Joanne Cole recently moved the computer at her Citizen’s Action office nearer to the window, so she could keep an eye on the restaurant across the street.  She heard a tip that Morning Pride, a laundry service that supplies table clothes to the restaurant was also a city vendor who would be affected by the law.  Cole is planning to watch for the Morning Pride truck, and, when she sees it, run out and ask the driver what he and his co-workers earn.  Once they assemble a class of plaintiffs, workers who are employed by affected companies but don’t earn a living wage, Citizen’s Action and CEJ plan to sue the city. To date, this is the only enforcement action that is occurring regarding the living wage ordinance.

Fisher feels that the current administration is purposefully thwarting the law.  He points to what he calls “the systematic abuse of seasonal sanitation workers.”  According to Fisher, the city hires “seasonal” employees at sub-living wages and lays them off and then rehires them every nine months in an effort to keep them as “seasonal” and without benefits.  Fisher questions the “hypocrisy” of the city,  “asking a private contractor not to do what we ourselves are guilty of.” 

     If Masiello is in fact against the law, a charge he denies, he is not alone.  Marriott and a host of other corporations with large low-wage workforces joined forces with The Washington Post, and successfully lobbied against a similar law in Maryland.  Recently a coalition of hoteliers in Southern California spent over $1 million on a failed campaign to pass an ordinance that would have prohibited the adoption of a living wage law in Santa Monica.   One “think tank” associated with the restaurant and hospitalities industry recently launched a website and published a book, both aimed at instructing local business groups in tactics to defeat living wage initiatives.  The corporate clout lined up against the living wage movement, both locally and nationally, may lend insight into why Mayor Masiello and other city leaders lack vigor in enforcing the ordinance. 

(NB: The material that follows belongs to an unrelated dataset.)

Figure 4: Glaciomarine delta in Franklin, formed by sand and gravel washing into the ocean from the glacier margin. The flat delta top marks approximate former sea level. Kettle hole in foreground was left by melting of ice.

    Despite a well funded opposition, however, the living wage movement is racking up victories at a quickening pace around the country.  Labor and religious groups nationally are using the movement as both inspiration and a model for a renewed worker’s rights struggle.

Maybe Tony’s OK

Bonnie Russell, disagreeing with Fisher, believes that, “the mayor supports the law and always has.”  The problem, she argues, stems from the fact that “many people in the Masiello administration were not aware of the ordinance.”  People in city hall, she says, might have heard of it, but without a copy in front of them, paid little attention to it.  

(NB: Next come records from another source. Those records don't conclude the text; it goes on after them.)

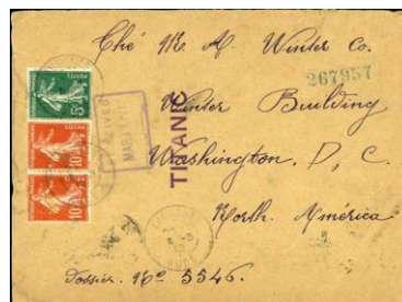
The Mystery Box (03)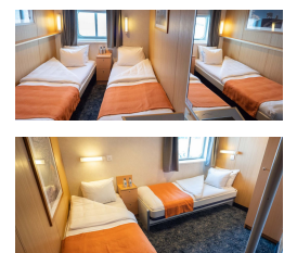
Twin Cabin Plus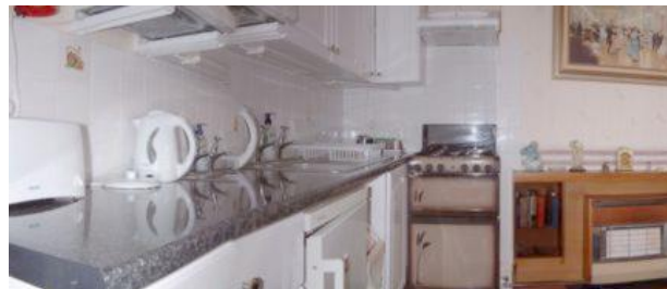
Kitchens are fully equipped and are sited in the lounge (Flat 1)

For what it’s worth, the administration did not corner the market on inaction.  During their struggle to get the city to enforce the law, CEJ and Citizen’s Action representative met with both members of the council and representatives of the administration, all to no avail.  

Joanne Cole agrees with Russell, stating that she too believes Mayor Masiello supports the legislation.  “But city hall is so disorganized,” Cole speculated, “that it seems one hand doesn’t know what the other hand is doing.”  Hence, according to Cole, nothing gets done “and no one seems to care.”  The end result, she added, “is that our tax dollars support law breakers.”  Masiello was not available for comment.

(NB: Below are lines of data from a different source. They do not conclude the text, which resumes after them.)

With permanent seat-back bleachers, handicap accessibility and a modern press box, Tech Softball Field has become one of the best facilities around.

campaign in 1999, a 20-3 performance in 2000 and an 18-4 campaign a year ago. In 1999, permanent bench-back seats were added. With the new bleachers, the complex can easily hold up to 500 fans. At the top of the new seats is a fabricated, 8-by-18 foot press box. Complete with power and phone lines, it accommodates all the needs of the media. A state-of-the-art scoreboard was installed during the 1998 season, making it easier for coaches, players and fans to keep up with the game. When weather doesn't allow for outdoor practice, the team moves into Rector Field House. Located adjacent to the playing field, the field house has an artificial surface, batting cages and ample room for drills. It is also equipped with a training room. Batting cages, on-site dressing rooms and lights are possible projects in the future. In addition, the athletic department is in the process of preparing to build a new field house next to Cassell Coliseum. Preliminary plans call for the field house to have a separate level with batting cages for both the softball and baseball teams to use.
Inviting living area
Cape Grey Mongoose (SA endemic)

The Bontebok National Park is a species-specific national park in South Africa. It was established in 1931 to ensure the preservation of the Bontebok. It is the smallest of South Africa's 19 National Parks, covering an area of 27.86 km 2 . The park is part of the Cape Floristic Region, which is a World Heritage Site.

Russell thinks that, “Now is a good time for everyone to come together and make the law work.”  To this end, she is once again trying to get a list of city contractors, this time from the city comptroller’s office.  This, she says, would be the first step toward implementing the living wage law.  Next, she suggests, would be for the administration to approach the council and ask for funding for staff to oversee the implementation of the law.  Finally, she is counting on Cole and Whyte, both of whom are community activists not employed by city hall, to decipher the vendor’s list and lend direction to the enforcement effort.

Damn Rochester

In the meantime, Rochester passed a living wage ordinance last month and immediately began examining contracts and implementing the new law.  Buffalo’s law, by comparison, is coming up on its second birthday.  There is still no firm plan in place to assure compliance and the city is facing a potential multimillion-dollar exposure because of its inaction.